The Association for Library Collections & Technical Services (ALCTS) is now accepting grant applications for the February-September 2012 sessions of the association’s four-week fundamentals online courses. One free seat per online continuing educational course session is available to librarians and information professionals from developing countries.

For background information about the grant, including criteria for applying, please see: http://www.ala.org/ala/mgrps/divs/alcts/awards/grants/onlinegrant.cfm

Fundamentals of Acquisitions
Session 1: February 27 – March 23

Session 2: April 7 – May 11

Session 3: July 30 – August 24

The Fundamentals of Acquisitions (FOA) web course focuses on the basics of acquiring monographs and serials:  goals and methods, financial management of library collections budgets, and relationships among acquisitions librarians, library booksellers, subscription agents, and publishers.  In this course, you will receive a broad overview of the operations involved in acquiring materials after the selection decision is made.  Note that in FOA, we distinguish between collection development, which involves the selection of materials for the library; and acquisitions, which orders, receives, and pays for those materials.

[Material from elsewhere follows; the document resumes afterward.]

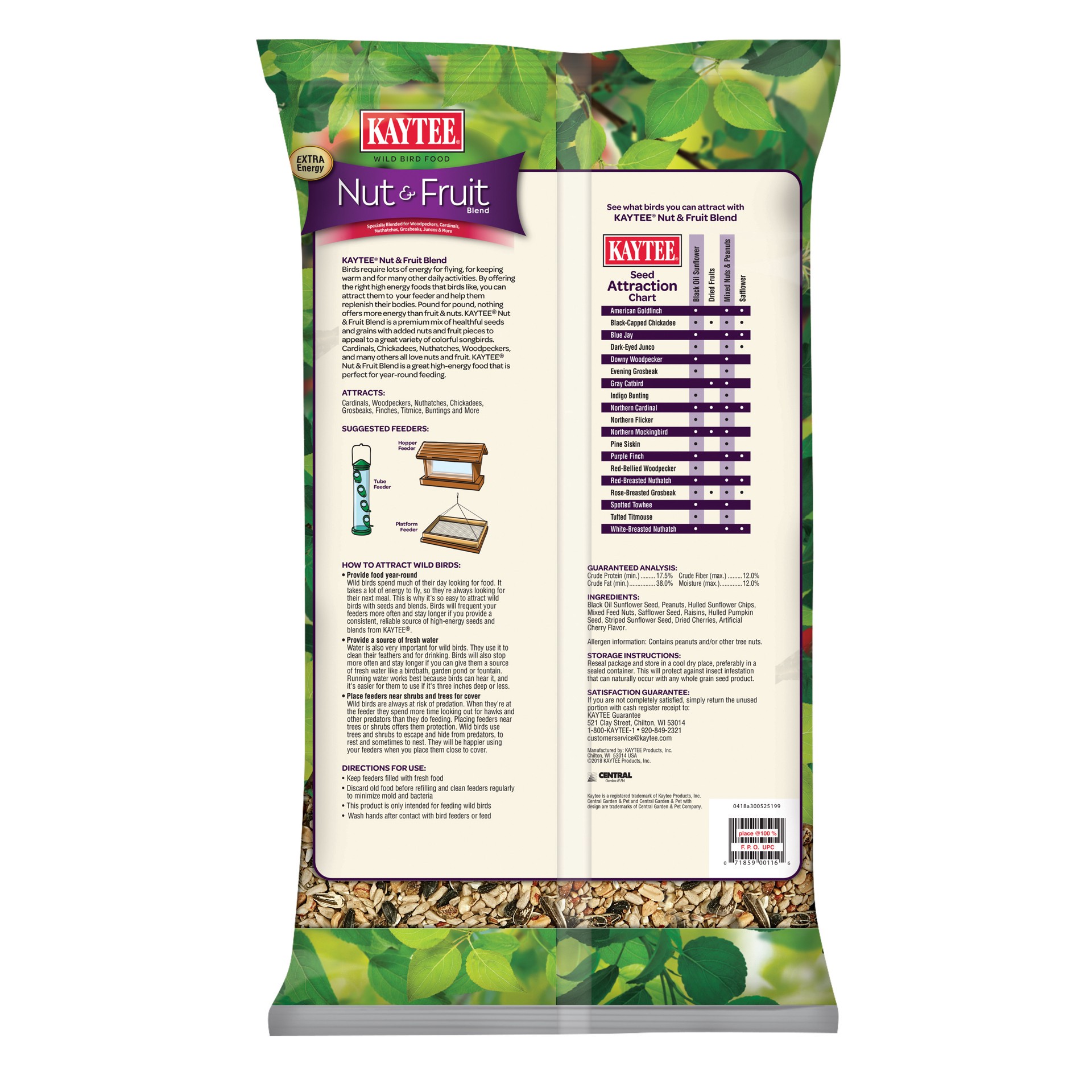 Wild birds require a lot of energy for flying. Offer them the Kaytee Nut & Fruit Blend to keep them fueled and happy. Pound for pound, nothing offers your feathered friend more energy than fruit and n…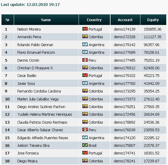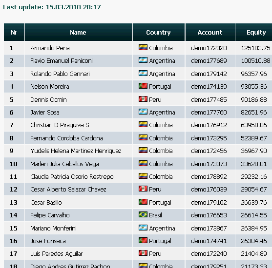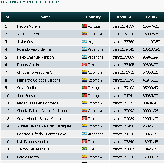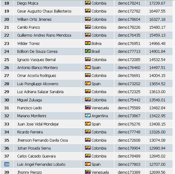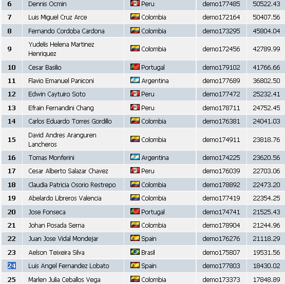 Llega la recta final, quedan 2 días y medio y el primero lleva 150.000$, el 10º 27.600$, vamos, que entrar en premios en esta edición está barato. Cualquiera que no haya operado todavía y empiece con 10.000$ el lunes podría llegar a pillar al 10º, parece increible, pero del concurso inglés al hispano va un abismo, en el inglés el 10º lleva 67.000$ y el 1º 192.000.

Fundamentals of Electronic Resources Acquisitions
Session 1: March 5 – March 30
Session 2: April 23 – May 18

Session 3: July 23 – August 17

The Fundamentals of Electronic Resources Acquisitions (FERA) Web course will provide an overview of acquiring, providing access to, administering, supporting, and monitoring access to electronic resources.  It will provide a basic background in electronic resource acquisitions including product trials, licensing, purchasing methods, and pricing models and will provide an overview of the sometimes complex relationships between vendors, publishers, platform providers, and libraries.

This course is sponsored by Harrassowitz.

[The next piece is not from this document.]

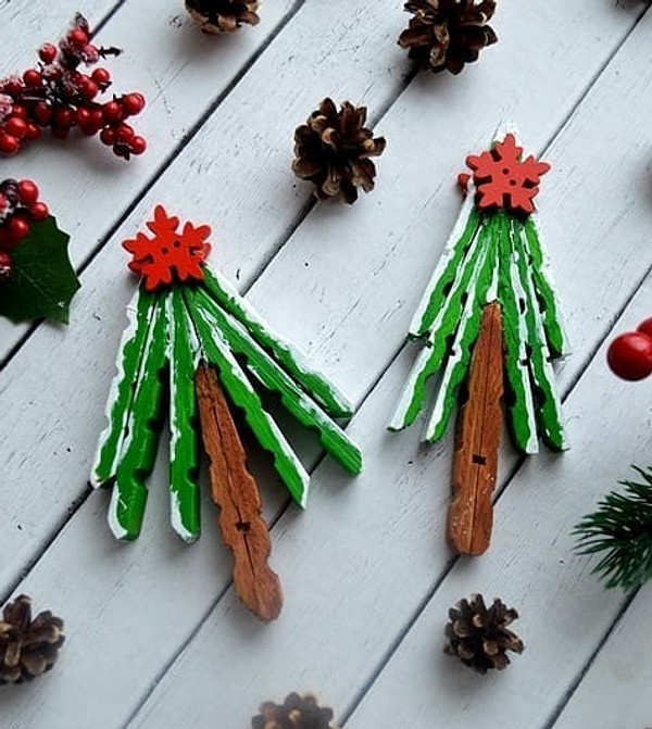 Из набора обычных бельевых прищепок можно сделать целый комплект новогодних игрушек.

Fundamentals of Collection Development and Management
Session 1: March 19 – April 13

Session 2: May 7 – June 1

Session 3: August 20 – September 14

The Fundamentals of Collection Development and Management addresses the basic components of these important areas of responsibility in libraries. Components include complete definition of collection development and collection management; collections policies and budgets as part of library planning; collection development (selecting for and building collections); collection management (e.g., making decisions after materials are selected, including decisions about withdrawal, transfer, preservation); collection analysis—why and how to do it; outreach, liaison, and marketing; and some suggestions about the future for collection development and management.

This course is sponsored by Coutts-Ingram.

Fundamentals of Preservation
Session 1: March 26 – April 20
Session 2: May 21 – June 15

The Fundamentals of Preservation introduces participants to the principles, policies and practices of preservation in libraries and archives.  The course is designed to inform all staff, across divisions and departments and at all levels of responsibility. It provides tools to begin extending the useful life of library collections.  Components include preservation as a formal library function and how it reflects and supports the institutional mission; the primary role of preventive care, including good storage conditions, emergency planning and careful handling of collections; the history and manufacture of physical formats and how this impacts preservation options; standard methods of care and repair, as well as reformatting options; and challenges in preserving digital content and what the implications are for the future of scholarship.